Why IMC has opted for a complete ban?

  • All the cryptocurrencies have been created by non- sovereigns and are in this sense entirely private enterprises.
  • There is no underlying intrinsic value of these cryptocurrencies back they lack all the attributes of a currency.
  • There is no fixed nominal value of these private cryptocurrencies i.e. neither act as any store of value nor they are a medium of exchange.
  • Cryptocurrencies have their own set of associated risks in the form of volatility in valuation, lack of liquidity, security and many more.
  • These cryptocurrencies cannot serve the purpose of a currency. The private cryptocurrencies are inconsistent with the essential functions of money/currency, hence private cryptocurrencies cannot replace fiat currencies.
  • A review of global practices show that they have not been recognized as a LEGAL tender in any jurisdiction. Committee also recommends that all exchanges, people, traders and other financial system participants should be prohibited from dealing with cryptocurrencies.
  • The burgeoning use of cryptocurrencies in terror financing, ransomwares, illicit drugs, arms trade, cybercrime and child pornography is well-documented and it has also raised red flags among the security and law enforcement agencies.
  • They also have the Potential for Tax Evasion.

Why Regulation should be preferred over an outright ban?

  • Even though the currencies have no sovereign backup, no country has stepped forward with an complete ban except china. Many of the countries including Canada, Thailand, Russia and Japan, seem to be moving on the path of regulation, so that transactions are within the purview of anti-money laundering and prevention of terror laws.
  • Even in china where there exists a complete ban, trading is just low but not non-existent.
  • In terms of benefits, this could be a force multiplier in India’s quest for financial inclusion, parallel to the electronic payment modalities such a digital wallets and Aadhaar Enabled Payment System.
  • It could further reduce the cost associated with remittances, which brings annual earnings of close to 62 billion USD to India.
  • It would also attract future business entrepreneurs, leading to innovation, generation of job and wealth creation in the due process of payments processing, e-commerce and taxation.
  • Greater access to credit: The cryptocurrency ecosystem holds the potential to make asset transfer and transaction processing available to this vast market of willing consumers – once the required infrastructure (digital and regulatory) is put in place.
  • And using the peer-to-peer mechanism of the blockchain technology, cross-border transfers and transactions may be conducted without complications as they are not subject to exchange rates, interest rates, transactions charges, or other levies imposed by a specific country.
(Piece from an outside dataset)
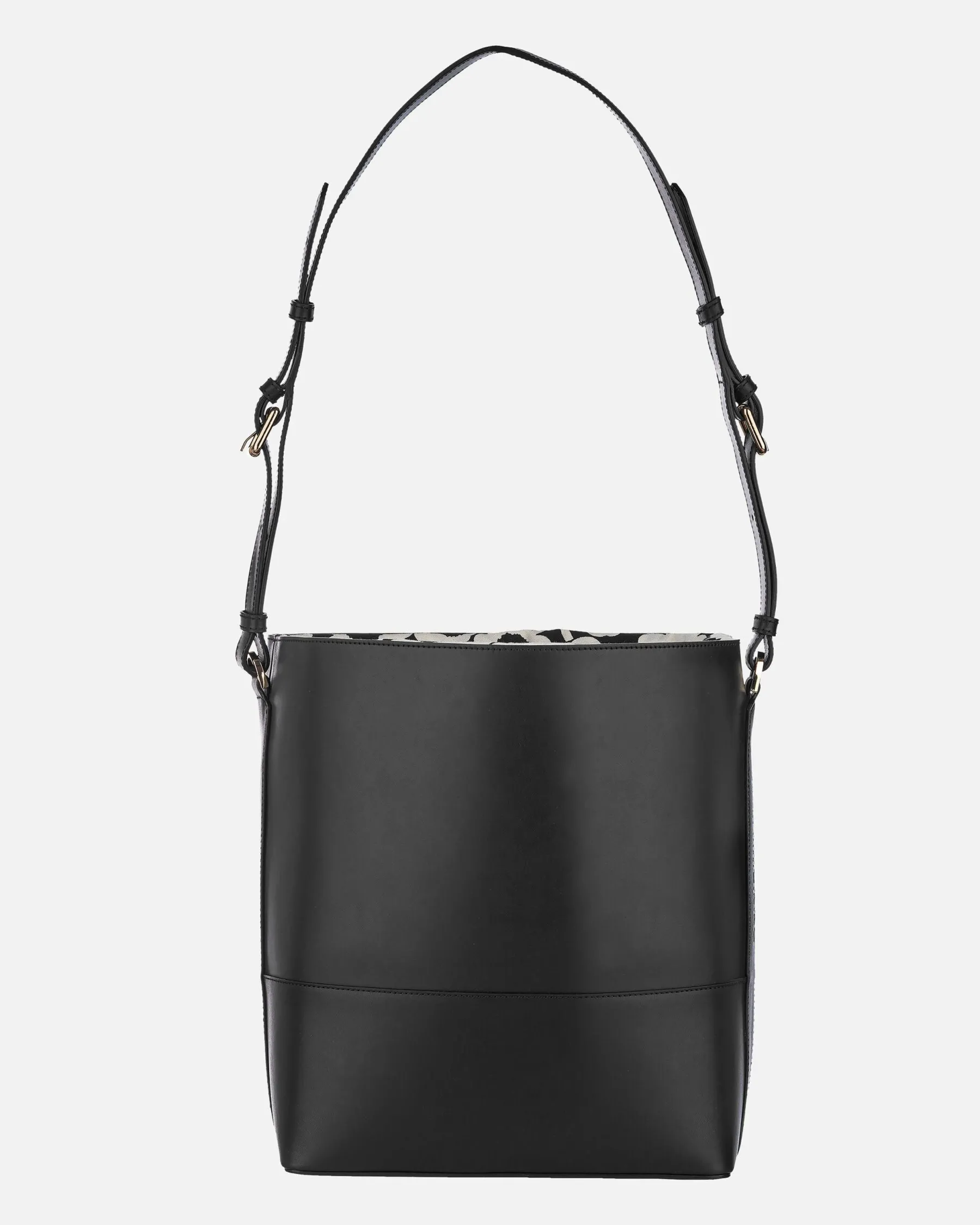 Imprint Tote Unikko -Laukku On Valmistettu Jäljitettävästä Skandinaavisesta Nahasta. Etupuolen Unikko-Kukka Muodostuu Pitsimäisesti Pienistä Rei’Istä. Laukussa On Säädettävä Olkahihna. Laukun Suuaukko Vedetään Kiinni Nahkahihnojen Avulla Ja Kiinnitetään Stopparilla. Laukussa On Yksi Sisätasku. Sisävuori On Valmistettu Unikko-Kuosisesta Puuvillasta. Marimekko-Logo On Kohokuvioitu Laukun Sivuihin Ja Pohjaan.

  • Indian policymakers and administrators have time and again made clear their distaste for them, their existence owed almost entirely to advanced encryption technologies.
  • The report completely fails to clarify why an outright ban be a superior choice to regulation, especially in a field driven by fast-paced technological innovations.
  • Thus, instead of banning cryptocurrencies, India should be taking a better choice of taking the lead to draw a regulatory framework which brings the entire cryptocurrencies under the regulation of RBI and SEBI.
  • India must be careful to differentiate between Cryptocurrencies and the blockchain technology. India should also explore the use of blockchain technology in areas such as education, health and agriculture.
  • Thus, instead of shutting the doors for a new disruptive technology, India should try to engage them to put them for a better use.